The Sketch Engine is a corpus management and query system co-created by Adam Kilgarriff and Pavel Rychlý and launched in 2003 by Lexical Computing Limited.¹¹¹⁶ It provides browser-based access to over 800 corpora in more than 100 languages. Beyond concordance searching, it offers word sketches, collocation analysis, distributional thesaurus construction, keyword and terminology extraction, and diachronic analysis. It is used by major publishers including Macmillan and Oxford University Press for lexicographic research.

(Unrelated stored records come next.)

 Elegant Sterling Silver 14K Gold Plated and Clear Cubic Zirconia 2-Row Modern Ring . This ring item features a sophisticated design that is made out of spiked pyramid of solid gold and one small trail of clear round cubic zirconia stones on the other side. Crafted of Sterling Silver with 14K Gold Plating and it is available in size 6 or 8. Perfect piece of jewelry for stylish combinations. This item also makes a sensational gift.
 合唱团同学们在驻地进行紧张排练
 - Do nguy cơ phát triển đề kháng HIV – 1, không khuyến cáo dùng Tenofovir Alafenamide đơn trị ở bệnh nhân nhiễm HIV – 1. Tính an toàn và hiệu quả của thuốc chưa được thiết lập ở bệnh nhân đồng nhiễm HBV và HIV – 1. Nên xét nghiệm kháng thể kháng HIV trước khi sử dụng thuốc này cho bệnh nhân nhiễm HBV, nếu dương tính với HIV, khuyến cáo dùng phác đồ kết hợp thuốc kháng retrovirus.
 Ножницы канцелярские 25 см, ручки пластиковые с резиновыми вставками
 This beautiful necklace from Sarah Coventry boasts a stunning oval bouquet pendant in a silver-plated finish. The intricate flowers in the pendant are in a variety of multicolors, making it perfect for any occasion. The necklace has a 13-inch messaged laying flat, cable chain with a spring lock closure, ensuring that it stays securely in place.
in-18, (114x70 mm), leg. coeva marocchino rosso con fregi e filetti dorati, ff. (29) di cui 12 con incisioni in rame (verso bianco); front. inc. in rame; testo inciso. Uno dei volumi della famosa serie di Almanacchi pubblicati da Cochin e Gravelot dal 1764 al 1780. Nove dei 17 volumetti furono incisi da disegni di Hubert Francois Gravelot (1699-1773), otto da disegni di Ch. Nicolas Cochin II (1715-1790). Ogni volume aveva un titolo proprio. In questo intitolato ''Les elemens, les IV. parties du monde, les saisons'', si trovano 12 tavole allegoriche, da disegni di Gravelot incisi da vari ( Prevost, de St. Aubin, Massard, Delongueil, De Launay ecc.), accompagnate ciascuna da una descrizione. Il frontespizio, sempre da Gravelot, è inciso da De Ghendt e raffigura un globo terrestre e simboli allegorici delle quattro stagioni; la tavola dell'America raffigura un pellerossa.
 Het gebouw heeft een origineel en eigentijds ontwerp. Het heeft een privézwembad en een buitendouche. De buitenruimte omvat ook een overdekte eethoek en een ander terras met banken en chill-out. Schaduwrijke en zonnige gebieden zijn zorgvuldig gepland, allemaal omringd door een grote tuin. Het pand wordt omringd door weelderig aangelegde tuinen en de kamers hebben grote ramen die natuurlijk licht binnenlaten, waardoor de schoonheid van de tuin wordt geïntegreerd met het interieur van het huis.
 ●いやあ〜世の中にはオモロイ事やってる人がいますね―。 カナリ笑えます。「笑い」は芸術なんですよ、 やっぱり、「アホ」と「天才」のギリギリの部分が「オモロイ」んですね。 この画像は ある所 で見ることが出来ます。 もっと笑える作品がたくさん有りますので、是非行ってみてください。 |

A subset tool, SKELL (Sketch Engine for Language Learning), is freely accessible to individual learners.

Wmatrix

Wmatrix is a web-based corpus processing environment developed by Paul Rayson at the University Centre for Computer Corpus Research on Language (UCREL), Lancaster University.¹⁷ Alongside concordances and frequency lists, Wmatrix integrates CLAWS part-of-speech tagging and the USAS semantic tagger, enabling keyword analysis simultaneously at the levels of individual words, grammatical categories, and semantic domains—an approach that extends standard keyword methods beyond simple lexical comparison.

ParaConc

ParaConc, developed by Michael Barlow, is a Windows concordancer for parallel (multilingual) corpora that accepts up to four aligned texts in different languages.¹⁸ Designed for contrastive analysis, translation studies, and language learning research, it includes a "Hot words" feature that uses relative frequency data to suggest likely translation equivalents of a search word.

LancsBox

LancsBox is a free, cross-platform corpus analysis tool developed at Lancaster University under the direction of Vaclav Brezina.¹⁹ Released in 2015, it supports more than 15 languages and includes a KWIC concordancer, frequency analysis, and a GRAPH tool that renders collocations as an interactive network diagram. It integrates the TreeTagger for part-of-speech annotation and was designed to lower barriers to corpus analysis in teaching and research contexts.

Applications

Corpus linguistics

Concordancers are the primary analytical instrument in corpus linguistics, providing systematic access to patterns of use across large samples of authentic text. Common research uses include studying collocations and phraseology, analysing semantic prosody, comparing language varieties, and tracking lexical and grammatical change over time. Large reference corpora such as the British National Corpus (approximately 100 million words) and the Corpus of Contemporary American English (over one billion words) are typically queried through dedicated web concordancers.

Lexicography

John Sinclair at the University of Birmingham pioneered the systematic use of concordance data in dictionary making through the COBUILD project, funded by Collins from the early 1980s. The project produced the Collins COBUILD English Language Dictionary (1987), generally considered the first major English dictionary compiled entirely from corpus evidence rather than invented illustrative examples.²⁰ Concordance lines allowed lexicographers to observe authentic collocates, typical syntactic environments, and register distinctions that introspection-based methods had tended to miss. Corpus-driven methods have since become standard practice in commercial lexicography.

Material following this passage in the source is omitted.